The answer must consist of each line below that holds the word "this", copied as it stands.

Top of Material provided

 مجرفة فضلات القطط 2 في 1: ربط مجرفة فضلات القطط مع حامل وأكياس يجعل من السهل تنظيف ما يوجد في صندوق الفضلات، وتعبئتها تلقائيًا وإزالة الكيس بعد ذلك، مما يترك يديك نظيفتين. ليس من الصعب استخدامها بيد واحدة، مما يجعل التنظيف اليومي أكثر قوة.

Bottom of Material provided
Top of Material provided

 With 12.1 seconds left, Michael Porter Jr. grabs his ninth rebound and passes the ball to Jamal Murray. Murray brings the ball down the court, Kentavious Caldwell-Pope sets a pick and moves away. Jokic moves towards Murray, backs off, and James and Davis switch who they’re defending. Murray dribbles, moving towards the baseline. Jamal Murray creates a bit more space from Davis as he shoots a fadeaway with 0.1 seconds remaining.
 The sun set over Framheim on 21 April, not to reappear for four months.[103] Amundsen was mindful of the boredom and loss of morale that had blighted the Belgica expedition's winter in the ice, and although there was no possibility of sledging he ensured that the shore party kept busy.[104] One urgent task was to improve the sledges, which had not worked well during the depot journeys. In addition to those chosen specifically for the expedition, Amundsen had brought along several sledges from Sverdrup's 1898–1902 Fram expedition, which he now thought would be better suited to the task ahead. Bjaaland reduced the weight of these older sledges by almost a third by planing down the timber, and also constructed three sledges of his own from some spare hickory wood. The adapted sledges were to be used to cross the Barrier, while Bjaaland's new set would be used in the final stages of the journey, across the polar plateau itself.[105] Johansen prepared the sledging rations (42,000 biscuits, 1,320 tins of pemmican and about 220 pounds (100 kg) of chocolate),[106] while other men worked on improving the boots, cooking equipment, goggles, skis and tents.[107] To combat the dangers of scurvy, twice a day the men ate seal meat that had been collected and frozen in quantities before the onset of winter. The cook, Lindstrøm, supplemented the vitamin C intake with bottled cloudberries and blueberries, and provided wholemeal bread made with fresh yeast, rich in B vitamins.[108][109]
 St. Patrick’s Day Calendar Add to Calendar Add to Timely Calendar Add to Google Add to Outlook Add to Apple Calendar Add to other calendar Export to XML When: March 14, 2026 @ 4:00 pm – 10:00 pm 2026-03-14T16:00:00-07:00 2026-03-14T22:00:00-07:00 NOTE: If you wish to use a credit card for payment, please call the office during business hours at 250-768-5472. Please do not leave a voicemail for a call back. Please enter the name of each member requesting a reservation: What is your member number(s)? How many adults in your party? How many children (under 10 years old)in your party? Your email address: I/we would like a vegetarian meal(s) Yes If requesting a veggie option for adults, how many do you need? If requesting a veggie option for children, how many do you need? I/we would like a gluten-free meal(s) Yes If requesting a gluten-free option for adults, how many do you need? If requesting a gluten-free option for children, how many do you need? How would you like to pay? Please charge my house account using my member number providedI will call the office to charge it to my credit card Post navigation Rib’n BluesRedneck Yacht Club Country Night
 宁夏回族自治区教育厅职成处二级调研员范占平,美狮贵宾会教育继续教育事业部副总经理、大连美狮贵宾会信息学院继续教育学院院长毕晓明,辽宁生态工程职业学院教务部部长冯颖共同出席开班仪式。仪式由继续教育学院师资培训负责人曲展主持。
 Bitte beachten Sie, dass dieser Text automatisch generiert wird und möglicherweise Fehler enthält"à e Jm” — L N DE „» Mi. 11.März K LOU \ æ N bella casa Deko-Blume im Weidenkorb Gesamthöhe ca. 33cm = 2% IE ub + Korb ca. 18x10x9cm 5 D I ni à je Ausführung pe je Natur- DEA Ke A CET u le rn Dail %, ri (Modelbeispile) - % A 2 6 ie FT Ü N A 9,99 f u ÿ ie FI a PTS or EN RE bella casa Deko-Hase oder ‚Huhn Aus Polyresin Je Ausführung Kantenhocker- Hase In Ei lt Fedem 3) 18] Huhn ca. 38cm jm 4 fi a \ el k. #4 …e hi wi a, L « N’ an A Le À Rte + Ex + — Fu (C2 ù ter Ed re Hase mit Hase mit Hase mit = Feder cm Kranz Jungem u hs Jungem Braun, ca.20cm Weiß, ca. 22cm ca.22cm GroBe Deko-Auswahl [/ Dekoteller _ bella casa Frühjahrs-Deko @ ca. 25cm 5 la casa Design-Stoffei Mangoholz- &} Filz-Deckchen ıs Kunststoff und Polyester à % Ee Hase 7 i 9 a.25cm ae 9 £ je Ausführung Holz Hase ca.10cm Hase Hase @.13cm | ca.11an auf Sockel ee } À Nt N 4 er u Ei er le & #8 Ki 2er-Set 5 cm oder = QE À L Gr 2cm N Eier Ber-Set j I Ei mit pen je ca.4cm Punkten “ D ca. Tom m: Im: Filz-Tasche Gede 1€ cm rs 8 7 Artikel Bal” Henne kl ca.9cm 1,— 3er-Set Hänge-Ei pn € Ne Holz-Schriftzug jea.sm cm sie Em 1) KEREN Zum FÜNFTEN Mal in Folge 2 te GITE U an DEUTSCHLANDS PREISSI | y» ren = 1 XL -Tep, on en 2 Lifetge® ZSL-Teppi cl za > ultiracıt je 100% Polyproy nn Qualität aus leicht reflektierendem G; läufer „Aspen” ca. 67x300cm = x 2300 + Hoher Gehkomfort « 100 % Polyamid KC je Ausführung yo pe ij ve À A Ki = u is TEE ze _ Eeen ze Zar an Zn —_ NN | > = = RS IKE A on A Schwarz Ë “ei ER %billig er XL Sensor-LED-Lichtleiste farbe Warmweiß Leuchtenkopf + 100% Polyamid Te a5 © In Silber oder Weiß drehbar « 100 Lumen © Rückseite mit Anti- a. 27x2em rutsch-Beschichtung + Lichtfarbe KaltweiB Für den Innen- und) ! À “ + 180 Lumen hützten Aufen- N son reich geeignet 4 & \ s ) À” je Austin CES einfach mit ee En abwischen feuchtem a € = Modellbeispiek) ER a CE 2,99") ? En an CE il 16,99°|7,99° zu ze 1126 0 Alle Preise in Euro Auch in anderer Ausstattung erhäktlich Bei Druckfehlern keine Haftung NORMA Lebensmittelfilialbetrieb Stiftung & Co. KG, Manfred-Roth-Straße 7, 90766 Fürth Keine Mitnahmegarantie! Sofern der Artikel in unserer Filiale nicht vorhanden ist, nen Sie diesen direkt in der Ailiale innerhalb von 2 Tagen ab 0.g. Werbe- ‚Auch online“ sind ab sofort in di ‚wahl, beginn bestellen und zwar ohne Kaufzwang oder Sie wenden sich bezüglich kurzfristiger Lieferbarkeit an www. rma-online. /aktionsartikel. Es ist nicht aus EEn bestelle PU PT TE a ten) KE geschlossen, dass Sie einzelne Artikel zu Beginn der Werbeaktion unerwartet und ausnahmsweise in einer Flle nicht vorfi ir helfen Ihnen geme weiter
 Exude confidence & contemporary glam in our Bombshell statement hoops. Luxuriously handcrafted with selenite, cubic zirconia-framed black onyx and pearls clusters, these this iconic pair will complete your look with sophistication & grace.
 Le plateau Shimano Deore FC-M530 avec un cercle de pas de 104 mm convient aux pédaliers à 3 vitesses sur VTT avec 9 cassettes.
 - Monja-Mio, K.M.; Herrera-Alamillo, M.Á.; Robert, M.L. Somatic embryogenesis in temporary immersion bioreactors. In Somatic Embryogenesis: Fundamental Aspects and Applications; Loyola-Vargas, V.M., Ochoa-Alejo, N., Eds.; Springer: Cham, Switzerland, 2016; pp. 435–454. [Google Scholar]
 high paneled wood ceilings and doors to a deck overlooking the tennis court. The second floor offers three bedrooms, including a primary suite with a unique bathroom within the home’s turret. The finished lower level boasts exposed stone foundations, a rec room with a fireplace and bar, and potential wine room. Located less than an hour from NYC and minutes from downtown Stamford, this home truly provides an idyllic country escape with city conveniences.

Bottom of Material provided

Output
 Exude confidence & contemporary glam in our Bombshell statement hoops. Luxuriously handcrafted with selenite, cubic zirconia-framed black onyx and pearls clusters, these this iconic pair will complete your look with sophistication & grace.
 high paneled wood ceilings and doors to a deck overlooking the tennis court. The second floor offers three bedrooms, including a primary suite with a unique bathroom within the home’s turret. The finished lower level boasts exposed stone foundations, a rec room with a fireplace and bar, and potential wine room. Located less than an hour from NYC and minutes from downtown Stamford, this home truly provides an idyllic country escape with city conveniences.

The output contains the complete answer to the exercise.